SANTA FE, N.M. (CN) — The New Mexico Supreme Court ruled unanimously Wednesday that the governor and secretary of the Department of Health have the authority to close down indoor dining at restaurants during the Covid-19 pandemic.
New Mexico originally implemented a ban on indoor dining at restaurants, taverns and other food-service establishments in March, restricting restaurants to takeout and delivery orders only. The ban was softened in June, allowing restaurants to operate indoor dining at 50% capacity with social distancing and enhanced cleaning and disinfecting measures in place.
But in July, after an increase in Covid-19 cases, state health officials reimplemented the indoor dining ban. Restaurants and other food-service businesses were allowed to continue to operate patio or outdoor dining at 50% capacity.
The New Mexico Restaurant Association and several business owners then filed a lawsuit in state court against Governor Michelle Lujan Grisham and New Mexico Secretary of Health Kathyleen Kunkel, seeking a restraining order that would have kept the prohibition from taking effect.
Judge Raymond Romero granted a temporary restraining order July 20 that would have let restaurants allow indoor dining. But the state sought an emergency order with the state’s Supreme Court to maintain the restrictions, which was granted the day it was filed.
On Wednesday, three hours before the Supreme Court hearing, Grisham announced an updated public health order which will allow restaurants to re-open indoor dining at 25% capacity, effective Aug. 29.
“I know New Mexicans are ecstatic about our recent progress against COVID-19,” Grisham said in a press release. “But, given what we know about this virus, we must sound a note of caution: Our progress is only as good as our willingness to stay the course. This virus is still looking for opportunities to spread.”
Despite the change in public health orders, the hearing on the indoor ban proceeded on Wednesday afternoon. Justices Barbara Vigil, Judith Nakamura, David Thompson, and Shannon Bacon heard arguments from Matthew Garcia, representing the defendants, Angelo Artuso, representing the petitioners, and Judge Romero.

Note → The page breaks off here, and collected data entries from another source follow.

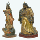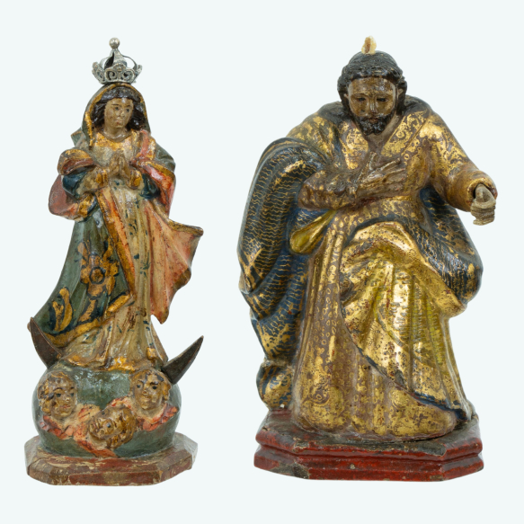 São João Baptista e Nossa Senhora da Conceição – Par de imagens de devoção familiar em madeira entalhada, vazada e policromada. Minas Gerais, Brasil, séc. XVIII. Dimensões: 9 cm de altura cada.
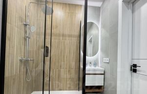 Отделка: Крупноформатный керамогранит, износостойкий ламинат, межкомнатные двери под покраску (эмаль), дорогая сантехника.
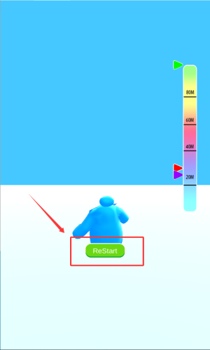 3、挑战失败后点击ReStart按钮,重新开始弹射距离挑战。
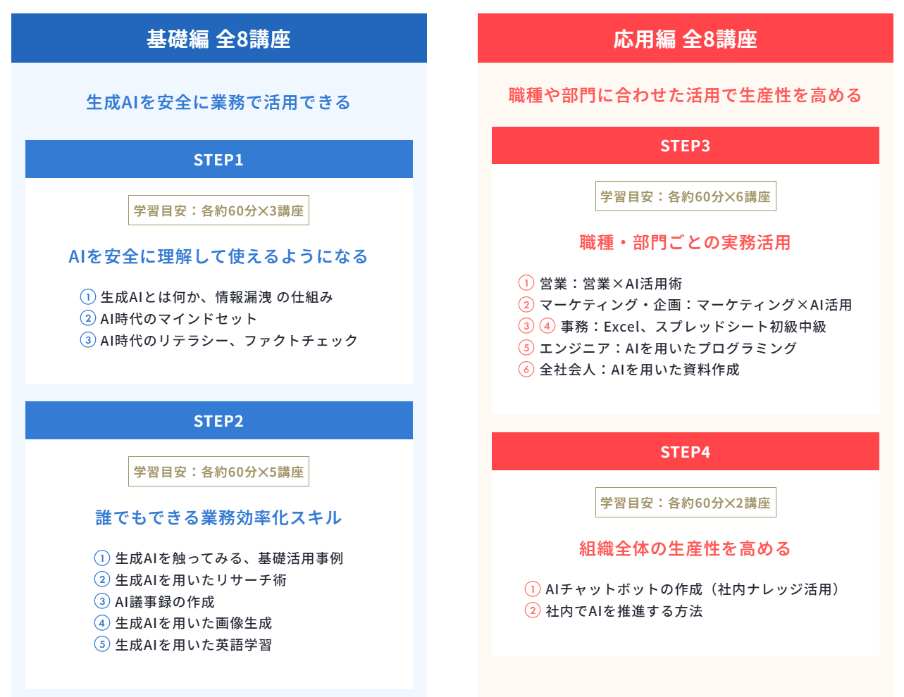 本講座は、生成AIを安全かつ効果的に業務へ導入するための知識とスキルを体系的に学べる教育パッケージであり、生成AIツールの実践的活用を通じて、「AIを使える人」から「AIで成果を出せる人」へステップアップできる構成となっています。
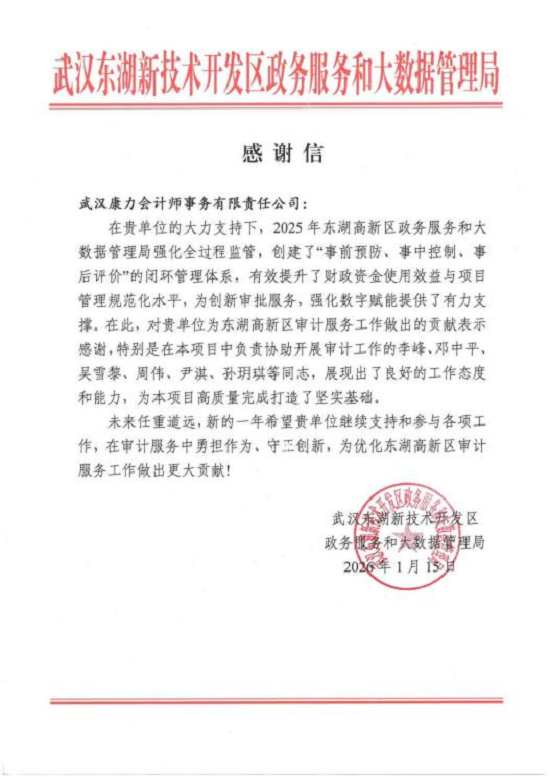 1月15日,武汉康力会计师事务所收到东湖新技术开发区政务服务和大数据管理局(以下简称“东湖政数局”)发来的感谢信。信中肯定了康力所2025年在东湖政数局审计服务工作中的突出贡献,同时点赞李峰、邓中平、吴雪黎、周伟、尹淇、孙玥琪等审计执业人员的专业表现。
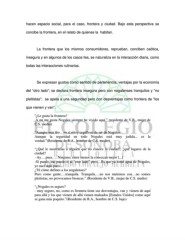 hacen espacio social, para el caso, frontera y ciudad. Bajo esta perspectiva se concibe la frontera, en el relato de quienes la habitan. La frontera que los mismos consumidores, reprueban, conciben caótica, insegura y en algunos de los casos fea, se naturaliza en la interacción diaria, como todas las interacciones rutinarias. Se expresan gustos como sentido de pertenencia; ventajas por la economía del “otro lado”; se declara frontera insegura pero con nogalenses tranquilos y “no pleitistas”; se apela a una seguridad pero con desventajas como frontera de “los que vienen y van”. “¿Le gusta la frontera? A mi me gusta Nogales siempre he vivido aquí.” (residente de V.B., mujer de C.S. medio) “Aunque este feo…yo sí estoy orgulloso de ser de Nogales. Aunque la seguridad en todo Nogales está muy jodida... es la verdad.”(Residente de R.A., hombre de C.S. medio) “¿Qué le mostrarías a alguien que no conoce la ciudad?, ¿qué lugares de la ciudad? -Ay….pues…. Ninguno, entre menos la conozcan mejor [...] -Sí puedo, me puedo ir al “otro lado” pero…Es que ya tomé agua de Nogales, yo nací aquí pues… ¿Tú cómo defines a los nogalenses? Pero como gente….tranquila. Tranquila….no nos metemos con…no somos pleitistas, no provocamos broncas.” (Residente de V.B., mujer de C.S. medio) “¿Nogales es seguro? - muy seguro, no, como es frontera tiene sus desventajas, van y vienen de aquí para allá y los que vienen de allá vienen maleados [Estados Unidos] como aquí se gana más poquito.”(Residente de R.A., hombre de C.S. bajo)
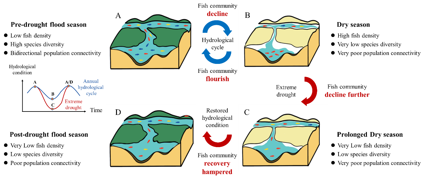 江湖系统的鱼类分布与动力响应:2022年鄱阳湖极端干旱使得江湖系统水文连通性急剧下降,严重影响了当地的水生态系统。为此,开展了长周期、大尺度的江湖系统鱼类野外观测试验,揭示了鱼类密度、物种多样性、种群连通性等群落特征的变化规律及响应机制,创新提出了考虑栖息地连通和鱼类扩散的生态流量确定方法,为江湖系统生态调度与鱼类资源保护提供重要的科学参考。研究成果在WRR上发表论文1篇,研究生裘佳健获第3届水灾害防治与水环境调控国际会议(WDWE)最佳论文奖等。
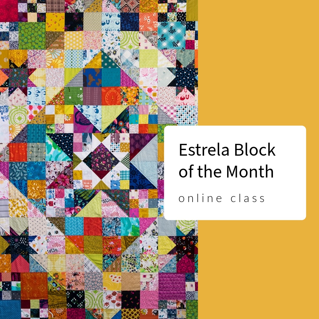 Estrela is the Portuguese word for “star”, and this quilt has lots of beautiful scrappy stars! This is the full 12 month program (plus a finishing month) that will give you new ways to look at your fabric stash. We’ve all got plenty of fabric, let’s use it!
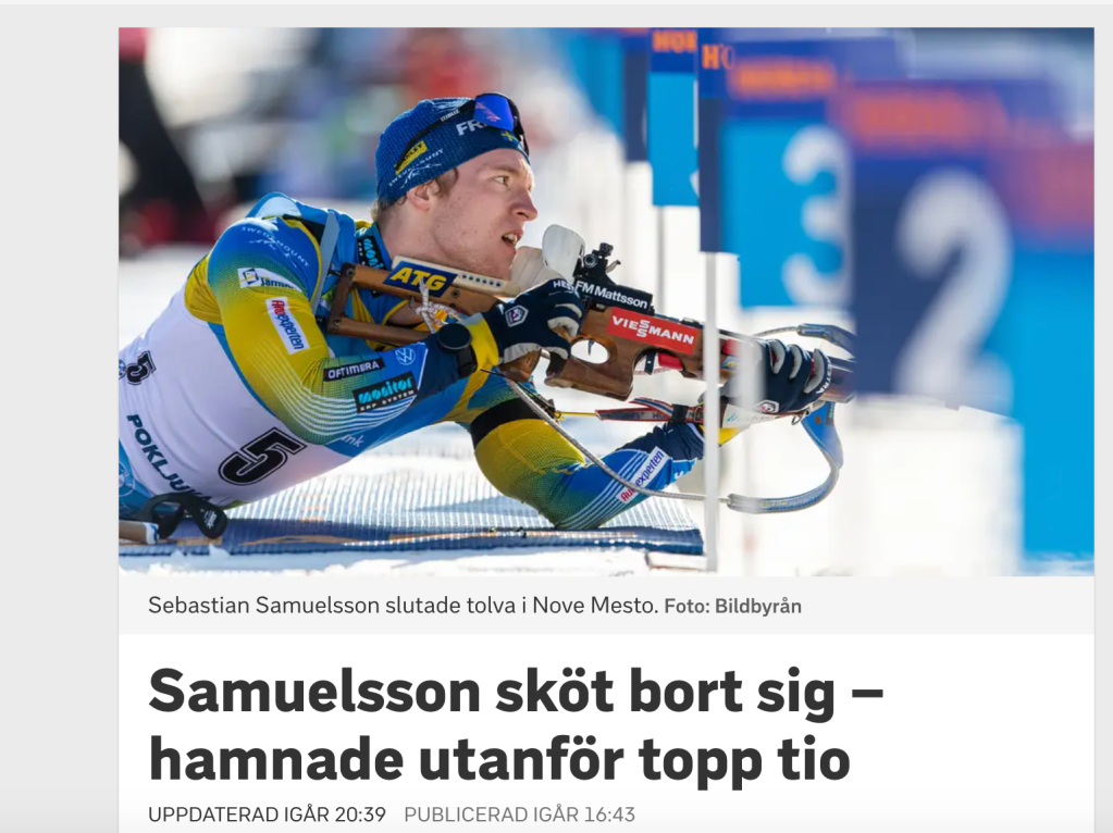 Man kan notera att journalister överdrifter sällan har stöd hos de aktiva. Sebastian Samuelsson lyckades inte följa upp andraplatsen i sprint med en ny pallplats i jaktstarten i Nove Mesto. Han slutade tolva efter att ha skjutit en bom i vardera fyra skjutningar.

The primary arguments of the injunction were whether the public health order was issued under a provision of the New Mexico Public Health Act, which states that the state Department of Health has the authority to “close any public place and forbid gatherings of people when necessary for the protection of the public health”, or whether the closures were governed by another provision of the act, which governs the quarantine of individuals and provides protections for those individuals.
Further, the original petition claimed that the orders regarding indoor dining were “unreasonable, arbitrary and capricious” because other enterprises which potentially afford close contact by members of the public, such as gyms and places of worship, were not restricted in the same ways.
The state, represented by Garcia, argued that the relevant public health orders were covered by the act, and made the claim that this completely resolved the first section of the case.
As to the second argument, that the restrictions on restaurants were arbitrary and capricious, Garcia cited previous rulings that, “The only thing that matters is, is there a reasonable connection between the regulation and the object of the regulation, and it’s only when it is unreasonable and without regard that it should be struck down.”
When asked by Justice Nakamura whether the case being heard was moot due to the earlier announcement of loosened restrictions, Garcia felt that if the matter were not decided, it would lead to many more cases challenging all public health orders to invalidate them, and that the court needed to make a conclusive ruling on whether these orders are arbitrary and capricious.
Arguing for the petitioners, Angelo Artuso of Modrall, Sperling, Roehl, Harris & Sisk in Albuquerque, maintained that the public health orders were issued without due process or the ability for affected businesses to appeal or protest the shutdown of indoor dining.
Further, Artuso maintained that there is not sufficient proof to maintain that indoor dining leads to increased Covid-19 transmission. He argued that if a restaurant worker is diagnosed with Covid-19, there is no evidence that they were infected at the restaurant.
“There’s no data from which anyone could determine whether that restaurant employee picked up Covid-19 from working indoors, or whether they picked it up by going to a party with their friends,” he said.
From this, Artuso concluded that, “I don’t think that the evidence offered by the petitions at this point establishes rationally and reasonably that there is a connection between indoor dining and Covid-19 transmission.”
In a rebuttal, Garcia argued again that, “It’s not a quarantine that’s happening here, it’s a restriction of business operations, which is expressly provided for by [the Public Health Act].”
He further maintained that, “What the [original petitioners] claim was done arbitrarily and capriciously was done unreasonably was done, again, based in the context of a very serious spike in cases.”
After a brief recess, the court returned with a unanimous decision, finding that the ban was within the authority of the state Department of Health and that arguments connecting the ban to quarantine protocols were unpersuasive.
On the matter of whether the ban was unreasonable, Justice Nakamura stated, “It’s well established that differing opinions do not make an action arbitrary and capricious.”
The court granted the state’s writ and ordered Judge Romero to vacate the restraining order.